Did Mylan find a way to overcharge Medicaid for EpiPen? Senators ask DOJ to find out

Mylan has been fighting for more than a year to block Teva’s generic version of its pricey EpiPen. It recently said it would launch its own authorized generic, in an attempt to appease angry patients and politicians.

But all along EpiPen itself has been classified as a "non-innovator" drug for Medicaid patients--and now, U.S. senators are calling on the Justice Department to find out why.

Sens. Richard Blumenthal, Charles Grassley and Amy Klobuchar, who’ve all urged other government agencies to probe EpiPen pricing, on Wednesday demanded that Attorney General Loretta Lynch investigate EpiPen’s classification under Medicaid.

The classification is important because it determines the rebates drugmakers pay back to state Medicaid programs. For “non-innovator multiple source” drugs--typically generics--the rebate is 13%. For “innovator” products, rebates are a minimum of 23.1%. In essence, generic drugmakers keep a larger share of a drug’s price than branded drugmakers do.

For Mylan, that would mean higher Medicaid revenue from EpiPen, and a bigger profit margin for the product, than if the epinephrine injection was deemed as an innovative drug--both funded by the taxpayer money that supports Medicaid.

“Companies can reap huge profits, at the expense of the states and taxpayers, by misclassifying innovator drugs,” the senators’ letter states.

It's true that the drug inside the EpiPen is a cheap generic. But Mylan has made much of its EpiPen injector design, and the "non-innovator" classification contradicts one of Mylan's defenses of its EpiPen price increases. CEO Heather Bresch has repeatedly said that increased EpiPen sales have allowed the company to spend significant amounts of money to further improve the product.

There’s no question that EpiPen is classified at the lower rebate level under Medicaid. The question is how it ended up on that list. “The … facts suggest that Mylan may have knowingly misclassified EpiPens, potentially in violation of the False Claims Act and other statutes,” the senators’ letter states.

Wednesday’s letter follows a similar request--from the same senators--that the Department of Health and Human Services investigate whether Mylan properly handled Medicaid drug rebates on EpiPen.

Mylan has said that it followed all laws and regulations governing Medicaid rebates.

Also last week, the attorney general of West Virginia said he was investigating Mylan’s pricing and its bills to the state’s Medicaid program. AG Patrick Morrisey, a Republican, said Mylan could face a potential Medicaid fraud action under state law, depending upon the evidence he uncovers.

Klobuchar, Blumenthal and fellow senator Kirsten Gillibrand raised the Medicaid rebate question last month with CMS. After discovering EpiPen had been misclassified, they called on HHS to look into “the circumstances of the EpiPen misclassification” and to investigate whether other drugs had been misclassified in the same way.

This latest EpiPen letter adds to the growing stack of missives calling for one agency or another to investigate Mylan and its EpiPen price increases, which hiked the sticker on the epinephrine injectors by more than 400% over a 5-year period.
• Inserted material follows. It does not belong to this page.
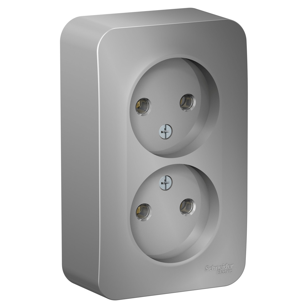 Розетка Schneider Electric BLANCA (алюминий, открытой установки) двухместная, без шторок и заземления предназначена для сетей до 250В, на ток до 16А. Двухместная розетка позволяет подключить два устройства в одном месте. Она изготовлена из ABS-пластика, проста в установке и удобна в применении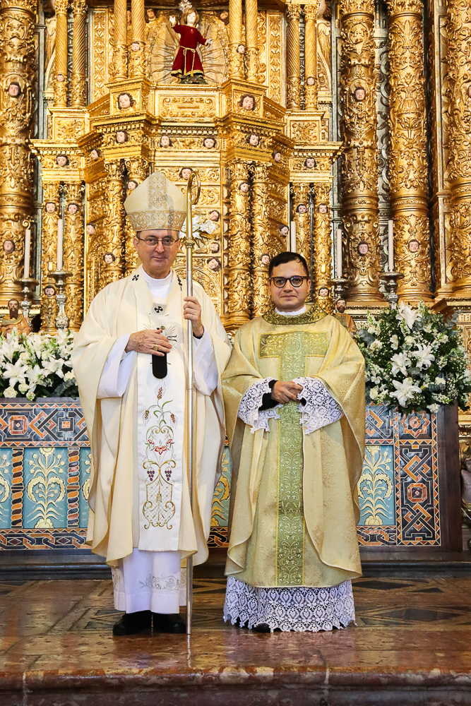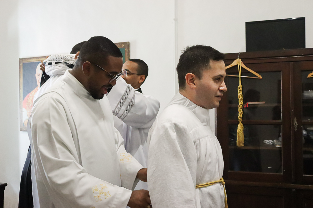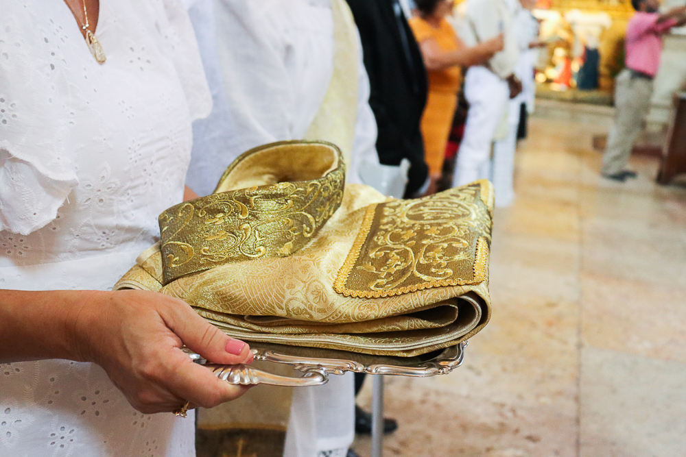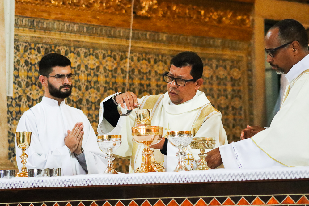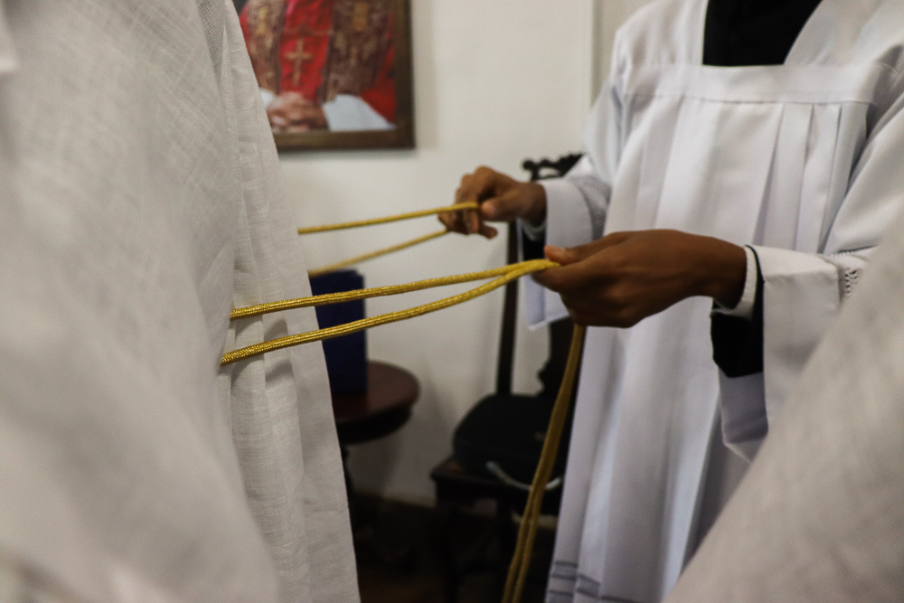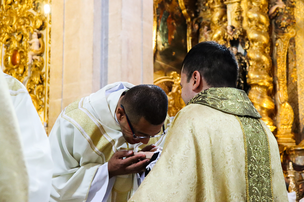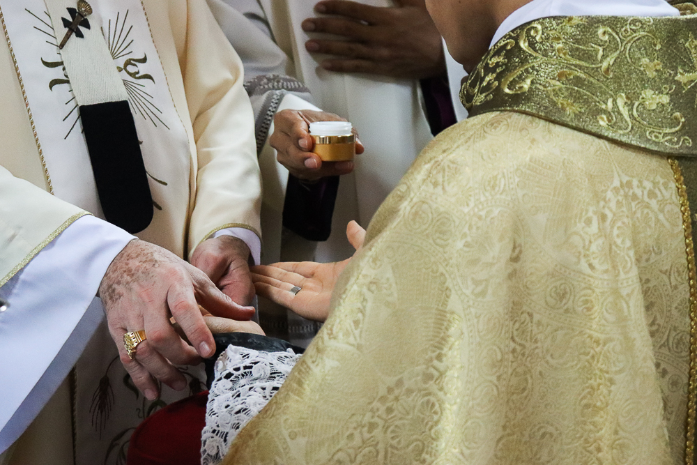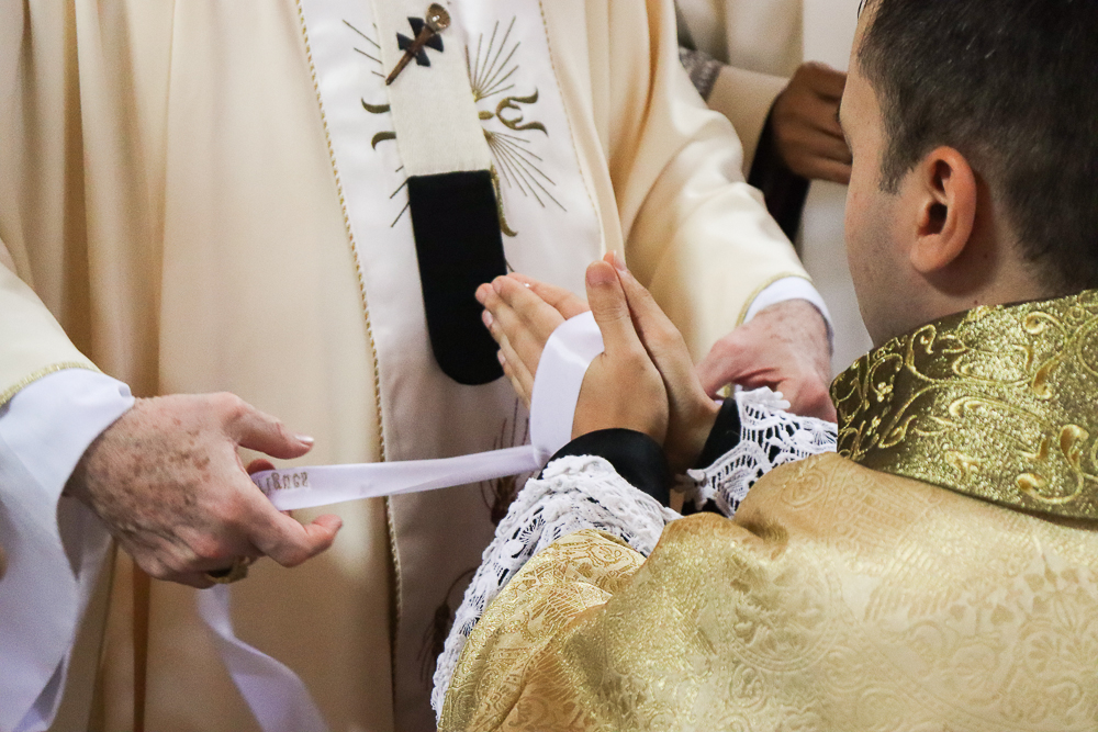 Terminada a Prece de Ordenação, foram retiradas as vestes diaconais e os neossacerdotes foram revestidos com a estola sacerdotal e a casula, vestes próprias do grau do presbiterato. Seguindo o rito próprio da Ordenação Presbiteral, o Arcebispo ungiu as mãos de cada um e as envolveu com uma faixa branca, que foi desatada por aqueles a quem cada um dos neossacerdotes deseja dar a sua primeira bênção sacerdotal, que foram os pais do padre Lucas e a madrinha e o pai do padre Luís Otávio.

And it comes just after a hearing convened by the House Committee on Oversight and Government Reform, at which Bresch testified about EpiPen sales, costs and marketing.

The committee is probing further now, seeking internal documents to back up Bresch’s claims--particularly now that the company has disclosed calculations that suggest the EpiPen profits she quoted to Congress were understated by about two-thirds.